How to complete this task → Every line from the one with "아란나라들이 꽃을 선물할" up to and including the one with "Dosage calculation RN" is to be output exactly as it appears below; pictures are not.

Records from a data collection:
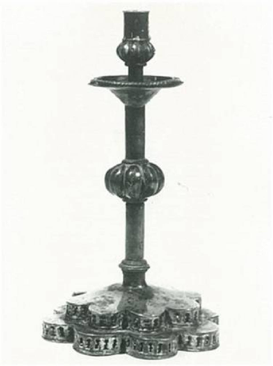 Candeliere dalla base formata da due elementi sovrapposti a forma di fiori a otto lobi. Il fusto liscio è composto da un nodo esalobato. Copia eseguita nell'Ottocento sulla base del piedistallo in oro della "crocetta del Tesoro di San Marco".
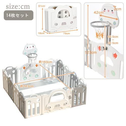 BTM ベビーサークル 折りたたみ 14枚セット 163*163cm 変形可能 扉付き バスケットゴール付き おもちゃパネル ベビーゲート ベビーフェンス プレイヤード 簡単組立 柵 キッズ
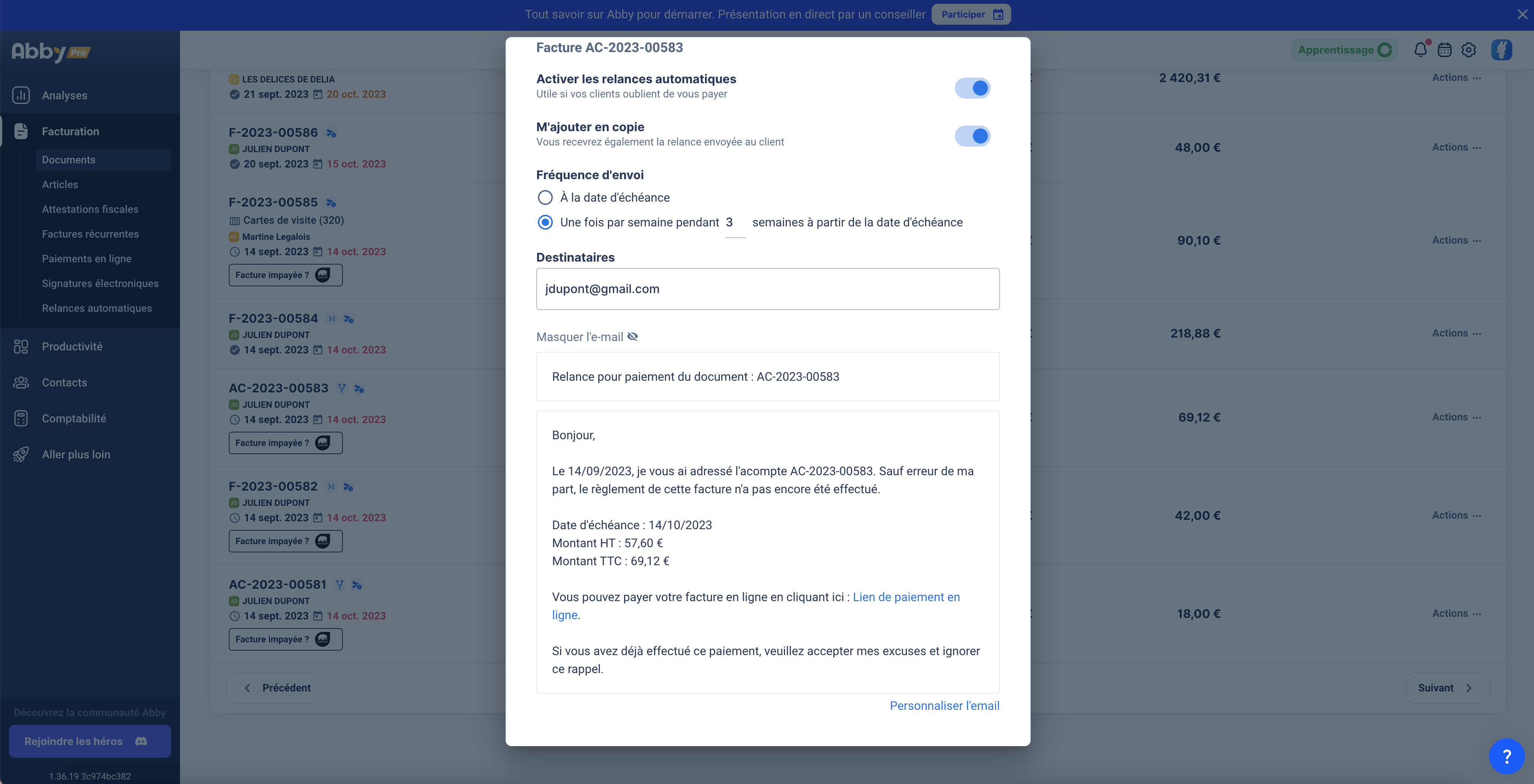 Sur Abby, les utilisateurs ont la possibilité de créer des mails de relance qui sont envoyés automatiquement avec un lien de paiement en ligne en cas de facture en retard. Plus besoin donc de courir après les clients. Cela peut sembler un gain de productivité anecdotique, mais sur une échelle annuelle, le temps économisé est énorme.
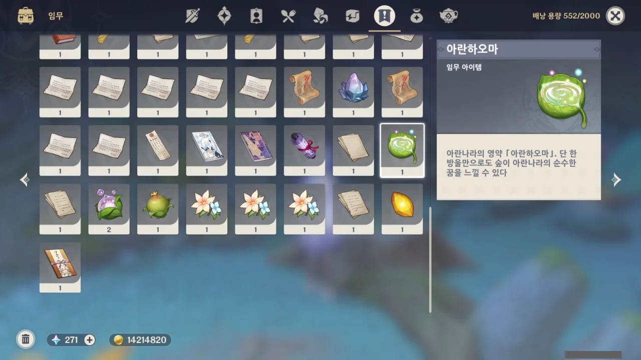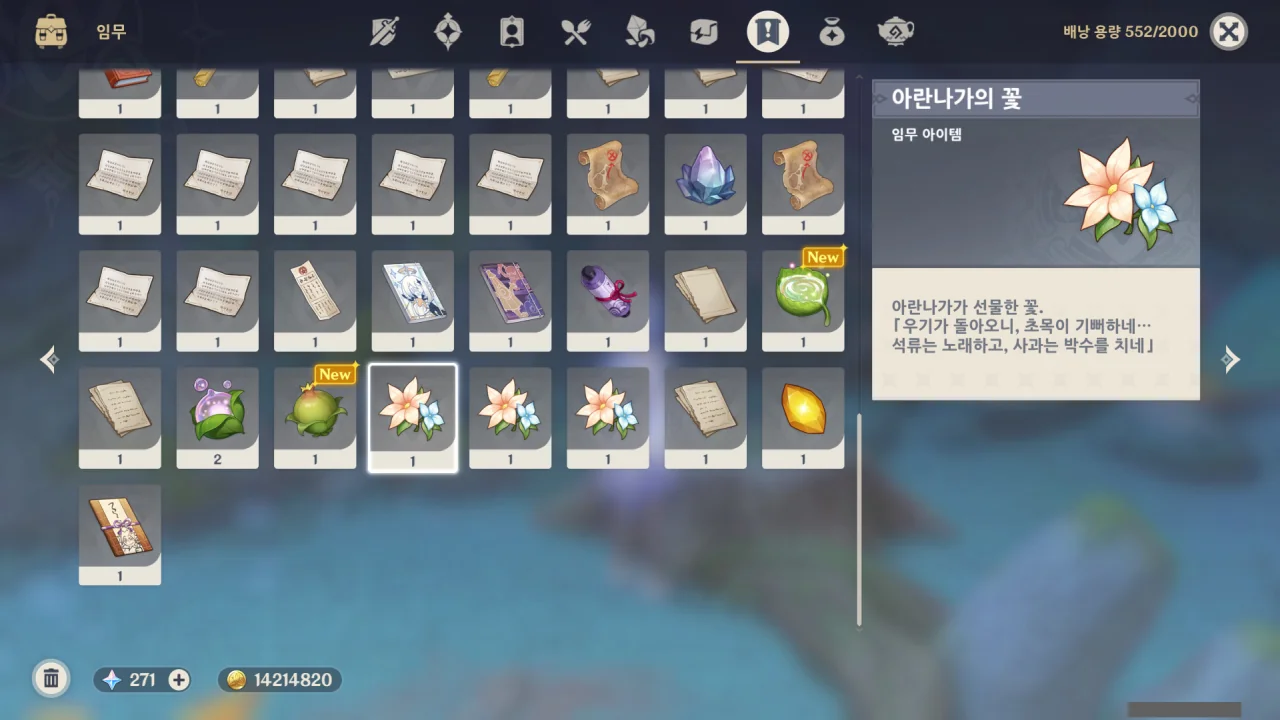 아란나라들이 꽃을 선물할 때, 그냥 말로만 선물했다고 하고 넘어갈 줄 알았다. 그런데 아란나라가 준 꽃이 실제로 배낭에 임무 아이템으로 들어오더라.
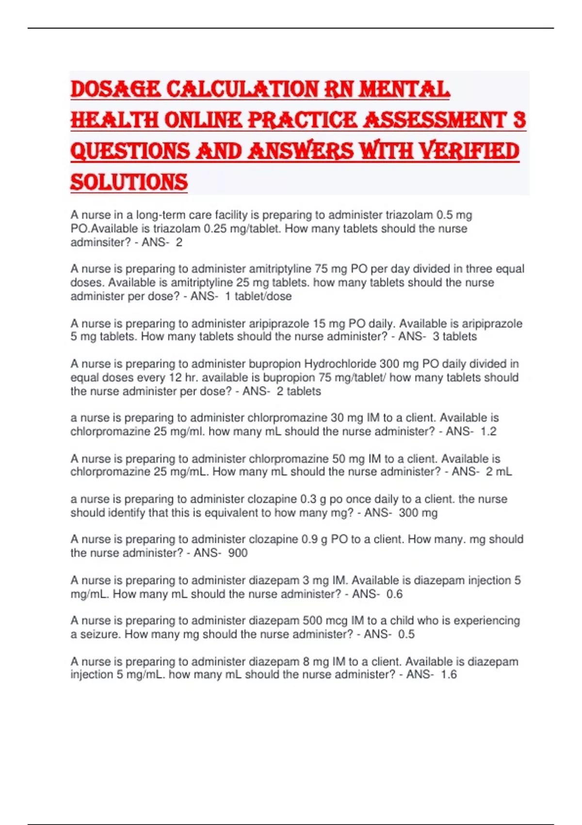 Dosage calculation RN Mental Health online practice assessment 3 Questions and Answers with verified solutions
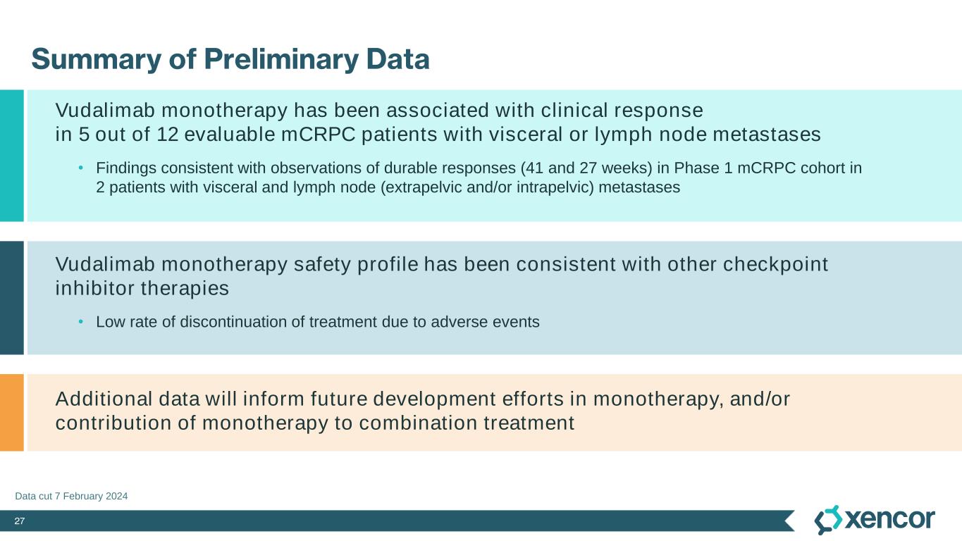 26 Evolution of Vudalimab Development Program for mCRPC 2021 2022 2023 2024 Phase 2 Vudalimab + chemotherapy or PARPi in molecularly defined mCRPC Phase 2 Vudalimab monotherapy in high-risk mCRPC cohort Phase 1 Vudalimab dose-escalation and expansion study in mixed solid tumors mCRPC Cohort in Study XmAb717-05 • Visceral, soft tissue, or lymph node metastases (“high-risk” mCRPC) • Measurable disease by RECIST 1.1 • Progressed after all approved, medically appropriate therapies • < 2 prior chemotherapy regimens • No prior treatment with anti-CTLA-4 or PD-1 Study status • 14/30 mCRPC patients enrolled Study: DUET-2 Study: XmAb717-04 Study: XmAb717-05 Vudalimab Q3W flat dose schedule: 1000 (< 80 kg) or 1200 mg (≥ 80 kg) IV
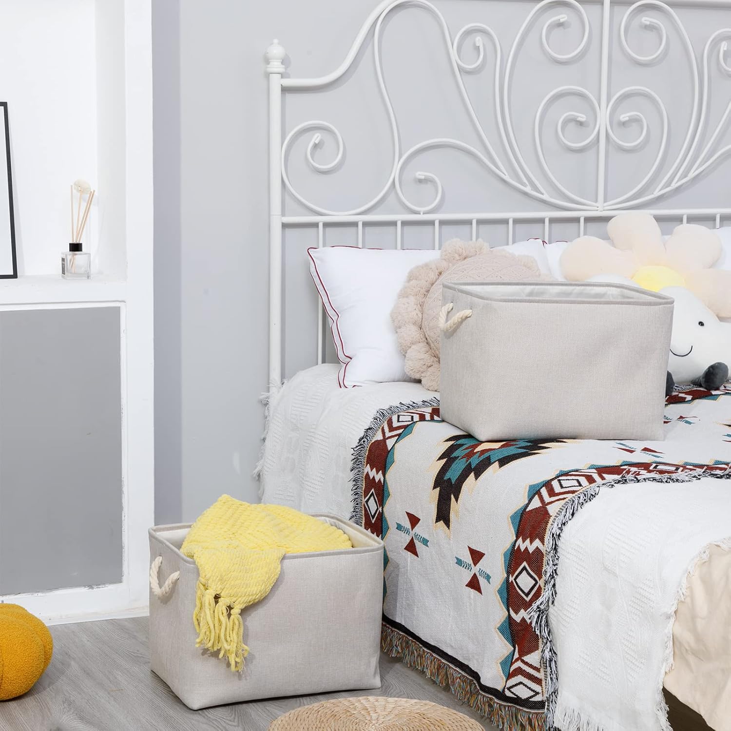 Bidtakay Large Fabric Storage Bins Beige Linen Closet Organizers Set of 2 Baskets for Shelves Clothes Bedroom 16x11.8x11.8 Inch Foldable Organization Baskets for Towels Blankets Storage Dog Toys
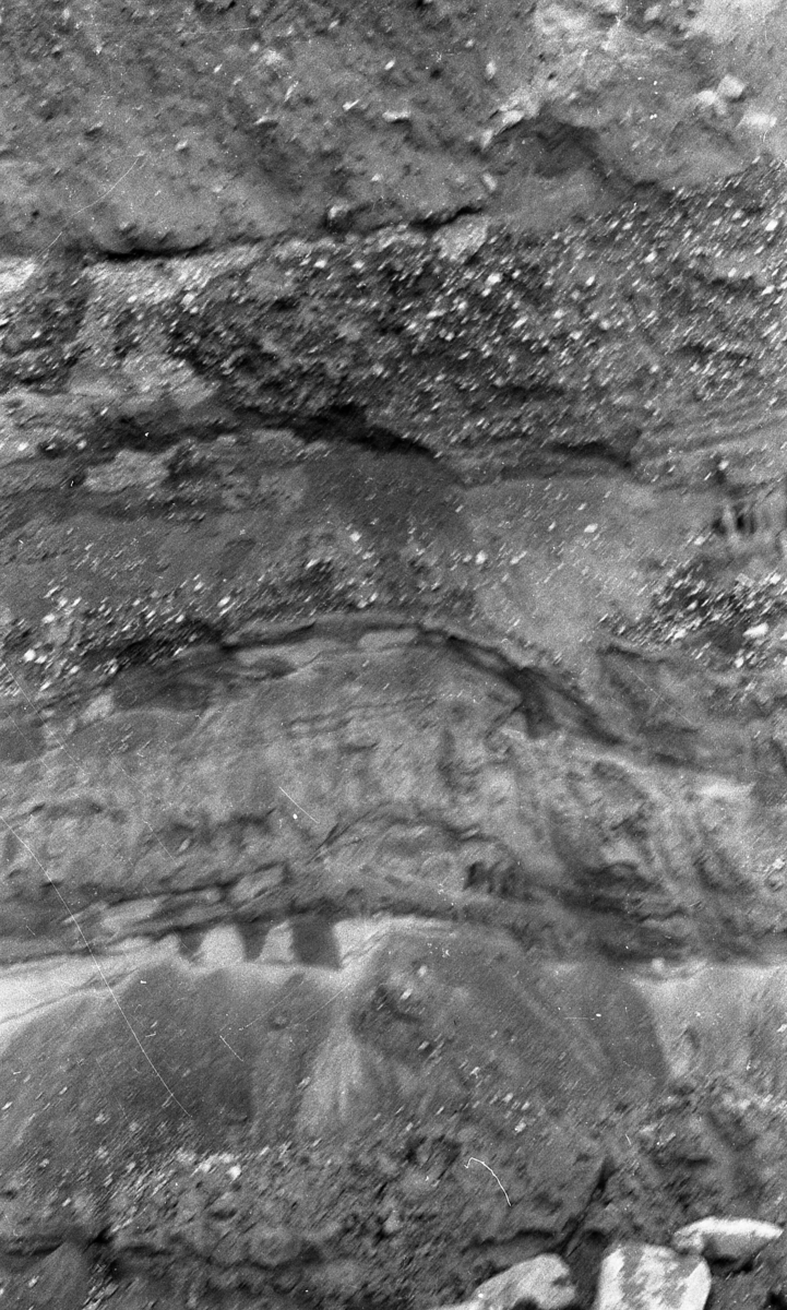 'Närbild, detaljbild på vägg i sandtaget, moränen. :: :: Ingår i serie med fotonr. 7096:1-30 med bilder från Dösebacka sandtag med omgivning.'

Finished task →
 아란나라들이 꽃을 선물할 때, 그냥 말로만 선물했다고 하고 넘어갈 줄 알았다. 그런데 아란나라가 준 꽃이 실제로 배낭에 임무 아이템으로 들어오더라.
 Dosage calculation RN Mental Health online practice assessment 3 Questions and Answers with verified solutions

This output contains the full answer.